Ein Auswertungsseminar Mitte diesen Jahres soll sich darüber hinaus kritisch mit Form und Inhalt des WSF auseinandersetzen und das Verhältnis von zentral organisierten und von den TeilnehmerInnen selbstorganisierten Veranstaltungen neu gewichten. Durch entsprechende und frühzeitige Koordination könnten dann schon im Vorfeld Kontakte und Vernetzungsmöglichkeiten für die Gruppen ermöglicht werden, die zu ähnlichen Fragestellungen arbeiten und Veranstaltungen anbieten möchten, so daß aus dem Nebeneinander ein Miteinander wird.

Der u.a. in der deutschen Presse zu lesende Abgesang auf die innovative Kraft des WSF scheint damit verfrüht.
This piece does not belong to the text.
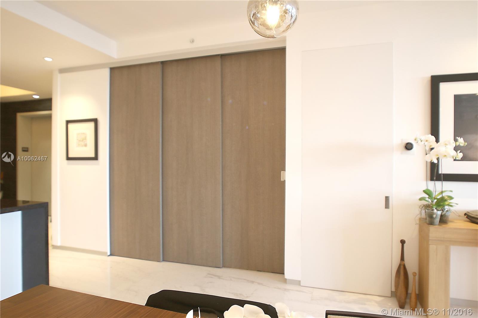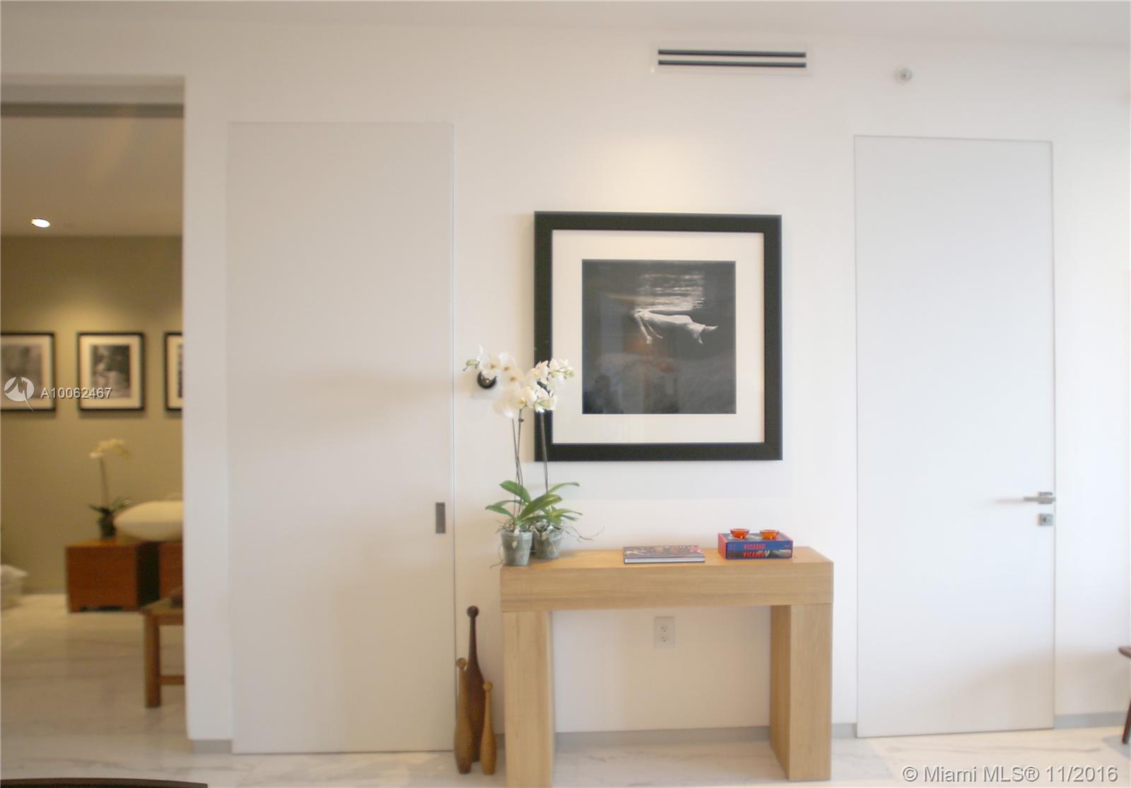 Completely renovated, upgraded and gorgeously finished residence at Marea. Recessed aluminum baseboards, "Apogee-like" open closets, 8 ft tall frameless doors, upgraded lighting with LED spots and custom lighting scenes, Sonos music system, 24 x 48 marble, full convertible Den with stacking doors (3rd bedroom). Residence 402 is the best finished residence in the building. Water views and huge balcony. Gym, Sauna, Private Pool and Beach VIP Services. Only 30 residencies. Realistically priced.
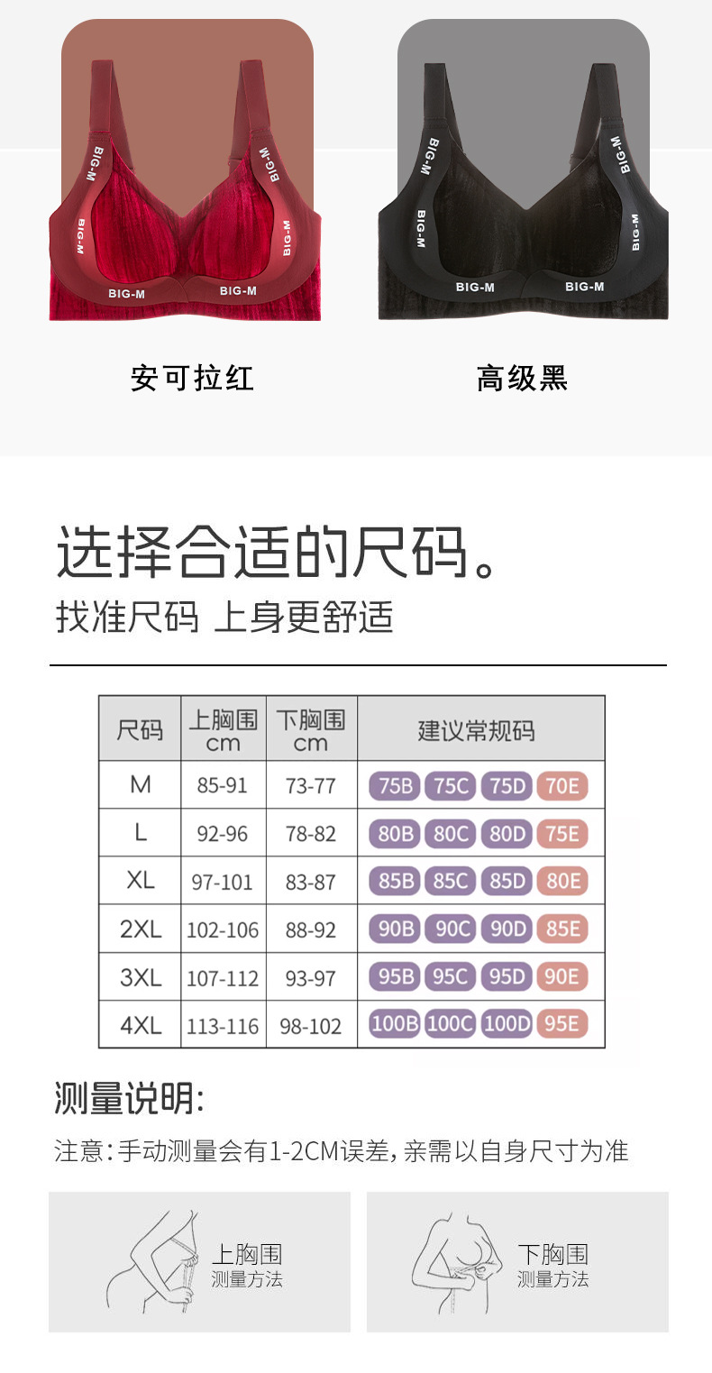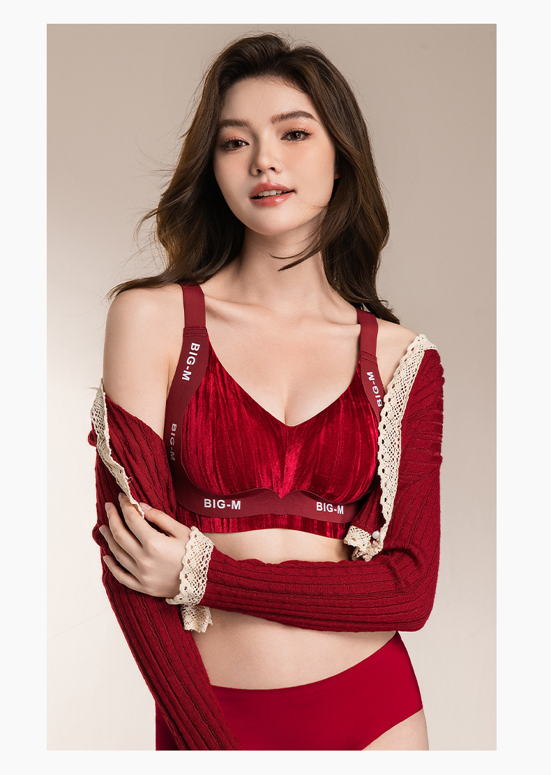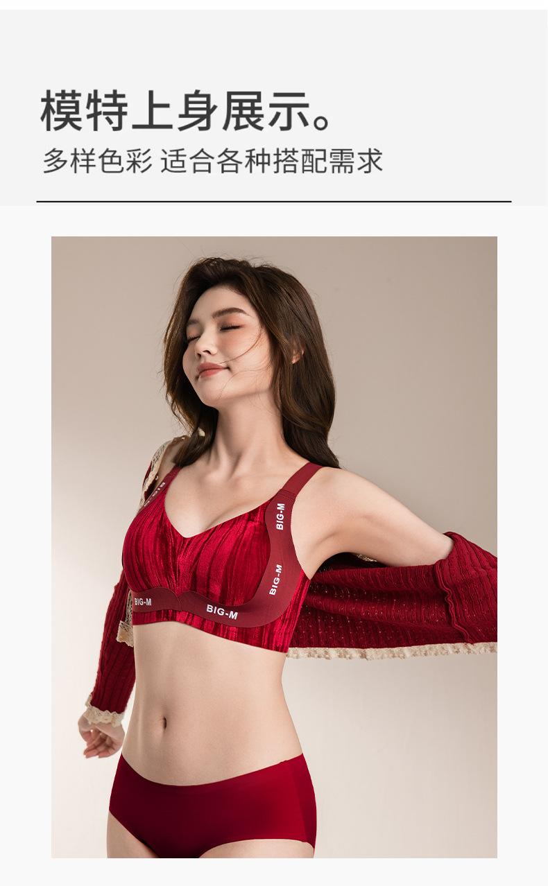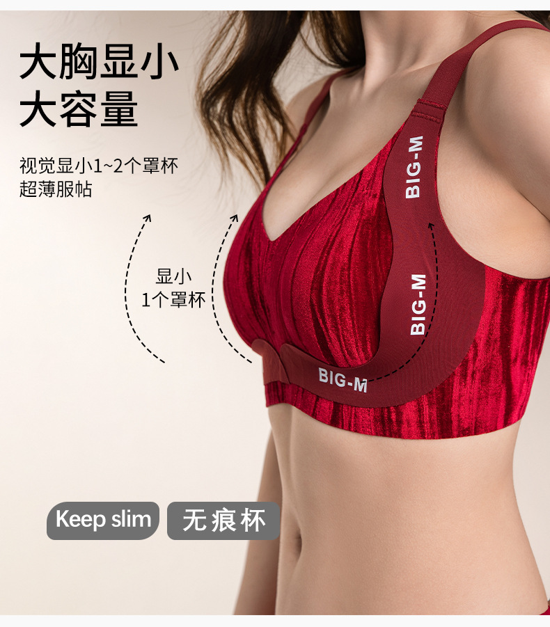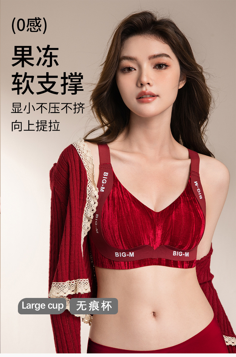 【本命年!金丝绒提拉无痕内衣】 果冻胶女薄款固定杯 大胸显小本命年大红色聚拢文胸罩

Die beeindruckende Teilnehmerzahl zeigt, wie wichtig das WSF für die globalisierungskritische Bewegung ist. Vor allem für die jüngeren TeilnehmerInnen scheint dieses Treffen einen ungeheuren Mobilisierungs- und Politisierungseffekt zu haben. Das extra eingerichtete Jugendcamp vermittelte einen Eindruck davon. Eine weitere Stärke liegt in der politischen Bandbreite der versammelten AktivistInnen. Das dritte Weltsozialforum hat aus meiner Sicht weniger neue Denkanstöße und Impulse gesetzt, sondern stand stärker im Zeichen der Verbreitung und Verbreiterung. Die thematische Arbeit zu den wichtigen Themen der Globalisierung wie WTO und GATS, Finanzmärkte u.v.a.m. muß nun vor Ort in den Regionen weitergeführt werden.

Ingrid Spiller ist Mitarbeiterin der Heinrich-Böll-Stiftung.